## Listed entries
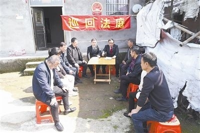 陳某因未履行贍養(yǎng)義務(wù),被87歲的老母親訴至法院。為解開母子間的心結(jié)、修復(fù)親情,庭審過程中,法官聯(lián)合當(dāng)?shù)劓?zhèn)、村干部,邀請雙方親屬共同參與調(diào)解。最終,母子二人達(dá)成調(diào)解協(xié)議,陳某當(dāng)場支付了贍養(yǎng)費(fèi)。圖為巡回審判現(xiàn)場。
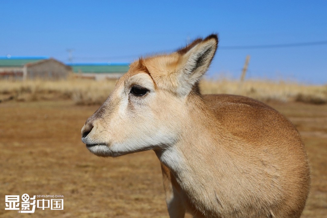 初冬的青海湖畔,芳草萋萋,气温渐凉。一只年幼的普氏原羚漫步在草原上,身上的毛色几乎与枯黄的牧草融为一体。接近一户人家的时候,它突然加快了脚步,欢快地奔跑了起来。正在草原上漫步的普氏原羚“小瘦瘦”。新华网 卡娅梅朵摄
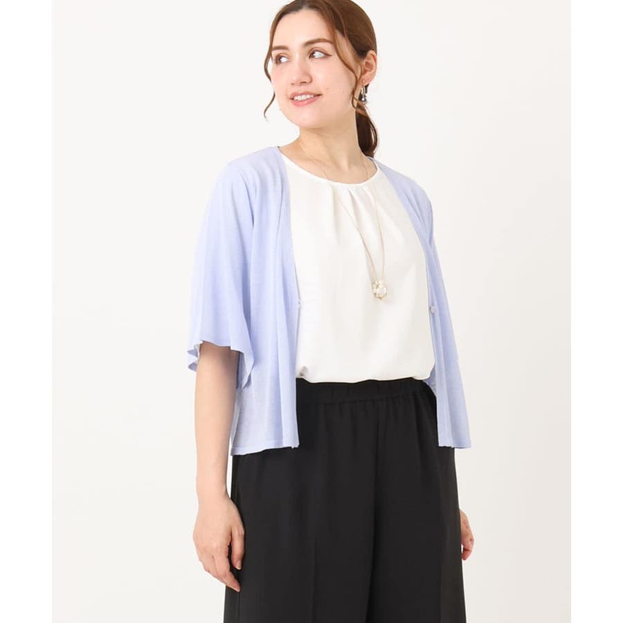さりげなくきらめく同色の控えめなラメ感がきれいなハーフスリーブボレロカーディガン。
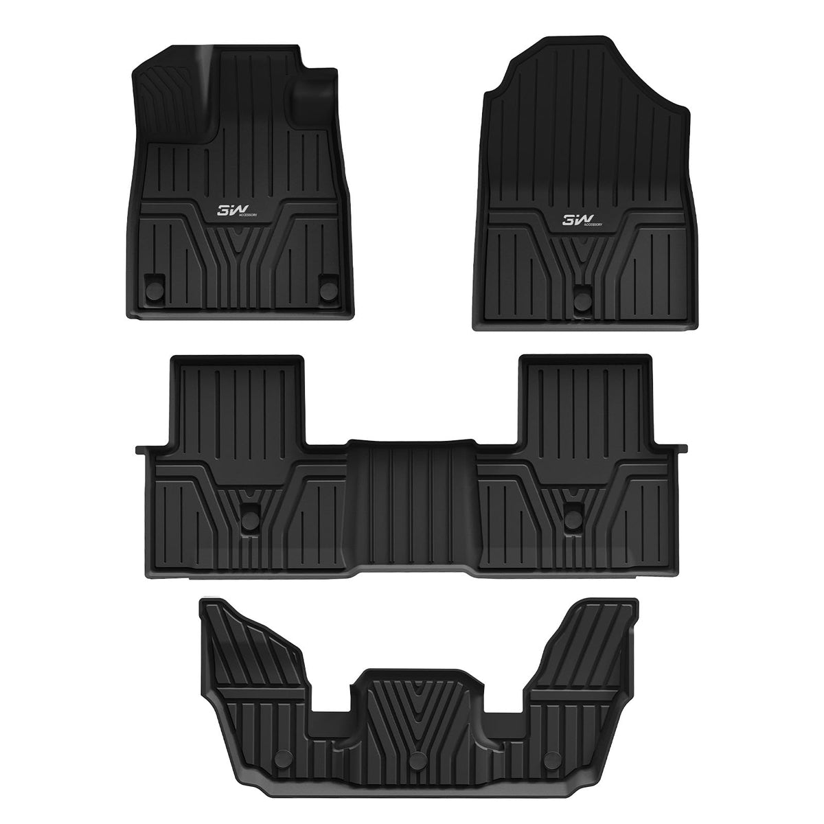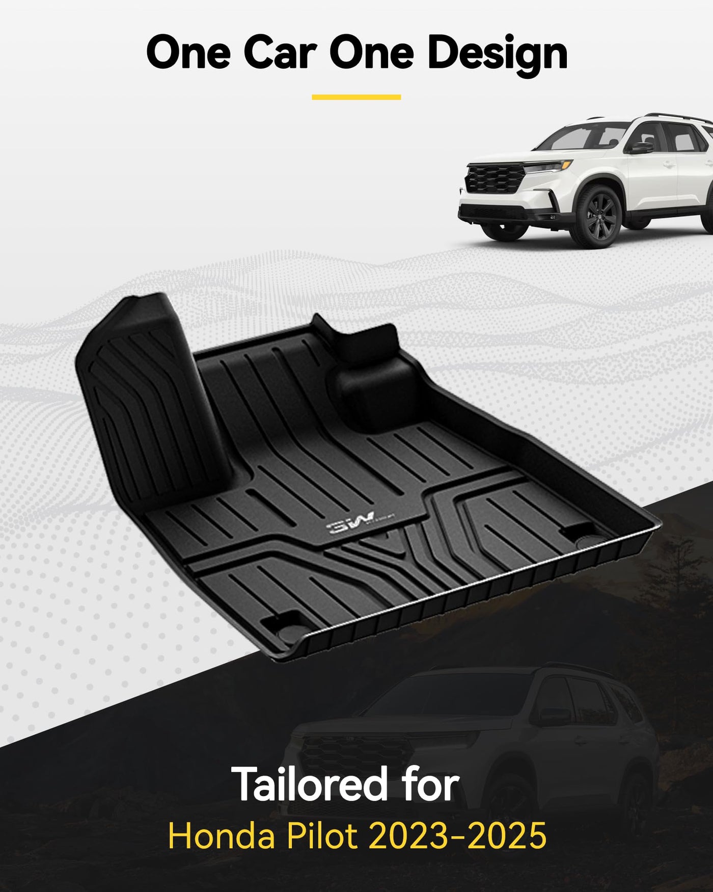 3W Floor Mats Fit For 2025 2024 2023 Honda Pilot, Custom Fit Floor Liner For 1St 2Nd And 3Rd Row Full Set Tpe All-Weather Car Li
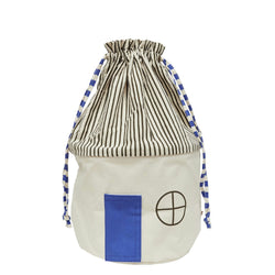 The OYOY Koya Storage Basket Large is a playful and practical storage solution for little ones' spaces. Designed to resemble a whimsical house, it features charming window and door details, a striped drawstring top and sturdy cotton canvas construction. Ideal for storing toys, clothes or blankets, it keeps things tidy while adding a fun, decorative touch to the room. Available in two colourways, itβs both functional and full of character.
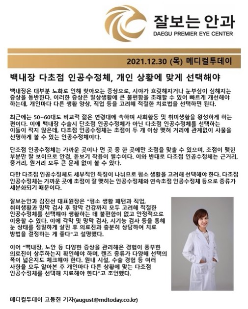 특히, 현재 조사되고 있는 대구 백내장은 노안과 공존하는 대표적인 노인성 질환으로, 나이가 들면서 누구에게나, 대부분의 사람들에게 발생할 수 있습니다. 필요하지도 않습니다. 오늘은 대구연세안과에서 알아보도록 하겠습니다. 식별 가능한 증상이 있습니까?
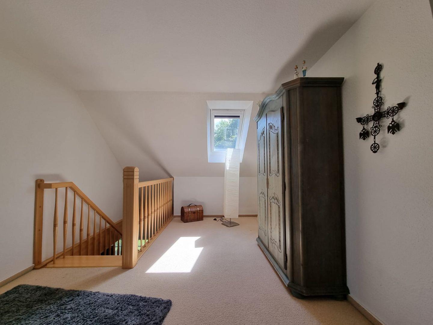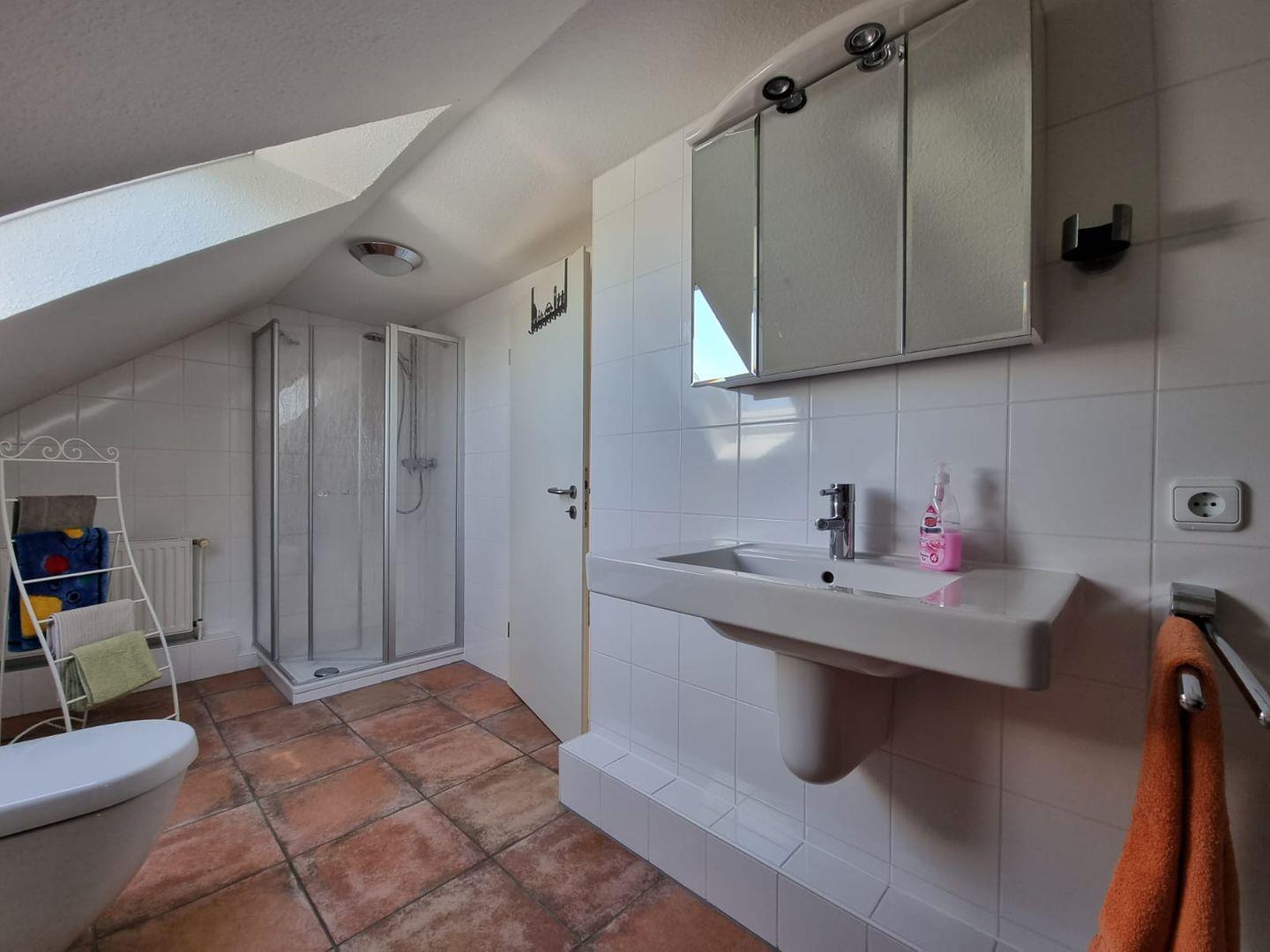 Ein zweites Badezimmer im Obergeschoss mit Dusche, Waschbecken und Toilette bietet zusätzlichen Komfort und verhindert Engpässe am Morgen.
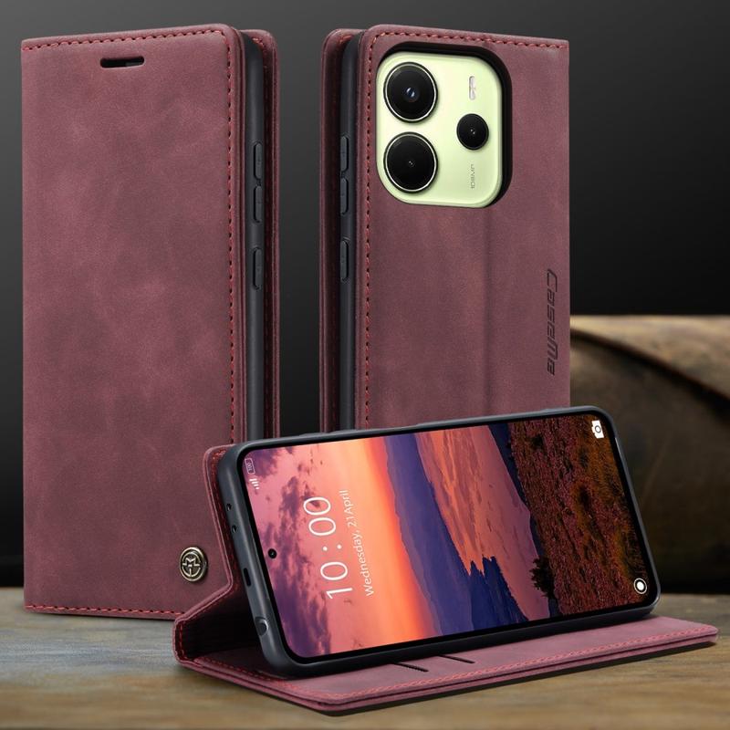 Xiaomi Redmi Note 14 4G Caseme 013 Series Wallet Case - Wine Red
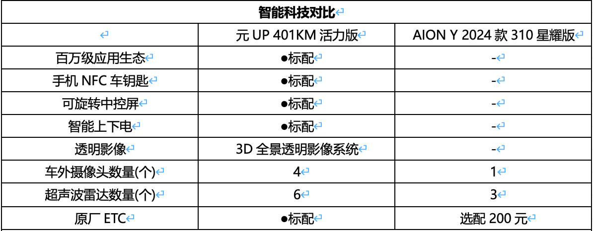 尤其在年轻用户看重的智能科技体验上,元UP的优势更加明显,搭载的DiLink智能网联系统支持百万级应用下载,自适应旋转悬浮Pad可横屏看导航、竖屏刷抖音,随时解锁最潮科技体验,同时标配手机NFC车钥匙、智能上下电、3D全景透明影像系统、原厂ETC等智享功能,配备更多的车外摄像头和超声波雷达。相比之下,AION Y在屏幕和智能方面也有一番作为,但在配置的全面性和丰富性上,元UP要更胜一筹。
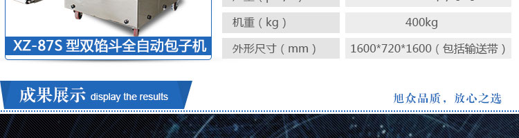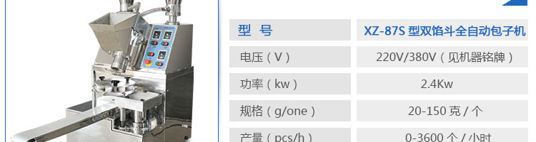 名稱XZ-87S型雙餡斗全自動包子機 電源220/380V(見機器名牌) 功率2.4kw 產量0-3600個/小時 尺寸1600*720*1600mm(包括輸送帶) 重量400kg 規格20-150克/個 其他
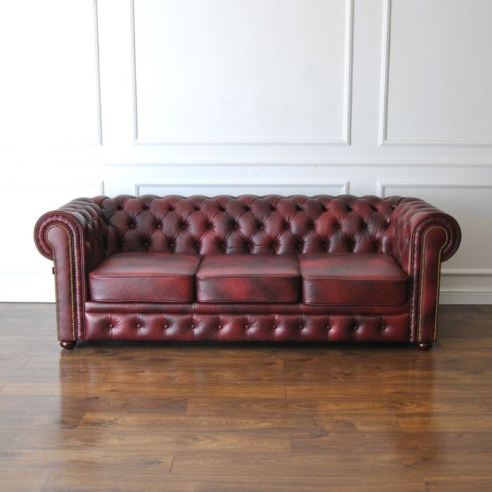 Sofa pikowana chesterfield skórzana 3,5 os. 235cm kanapa skóra
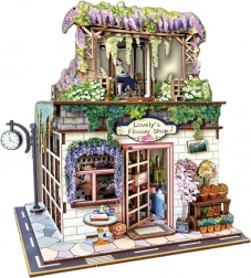 Objevte kouzlo miniatur s detailním modelem květnictví, který po sestavení rozzáří jemné LED osvětlení a vytvoří magickou atmosféru. Přes okna nahlédnete do bohatě vybaveného interiéru s policemi a kyticemi, střechu zdobí altánek s popínavými květy. Stabilní konstrukce z kvalitního dřeva potěší jako stylová dekorace do bytu i jako originální dárek.
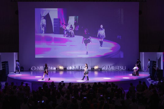 義足や車椅子の方を含む31名の多様なモデルによる“おむつコレクション”ランウェイです。
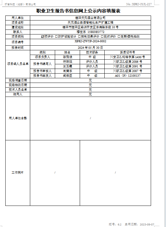 德阳天元酒业有限公司天元酒业曲酒智能化生产扩建工程职业病危害预评价
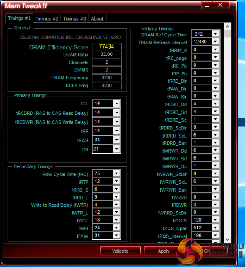 Mem TweakIT deals with information relating to DRAM frequency, timings, and a performance score.

## Assignment
In the data above, find the line with "The OYOY Koya" and the line with "Xiaomi Redmi Note". Please copy exactly those two lines and every line between them, but not the pictures.

## Result for this task
 The OYOY Koya Storage Basket Large is a playful and practical storage solution for little ones' spaces. Designed to resemble a whimsical house, it features charming window and door details, a striped drawstring top and sturdy cotton canvas construction. Ideal for storing toys, clothes or blankets, it keeps things tidy while adding a fun, decorative touch to the room. Available in two colourways, itβs both functional and full of character.
 특히, 현재 조사되고 있는 대구 백내장은 노안과 공존하는 대표적인 노인성 질환으로, 나이가 들면서 누구에게나, 대부분의 사람들에게 발생할 수 있습니다. 필요하지도 않습니다. 오늘은 대구연세안과에서 알아보도록 하겠습니다. 식별 가능한 증상이 있습니까?
 Ein zweites Badezimmer im Obergeschoss mit Dusche, Waschbecken und Toilette bietet zusätzlichen Komfort und verhindert Engpässe am Morgen.
 Xiaomi Redmi Note 14 4G Caseme 013 Series Wallet Case - Wine Red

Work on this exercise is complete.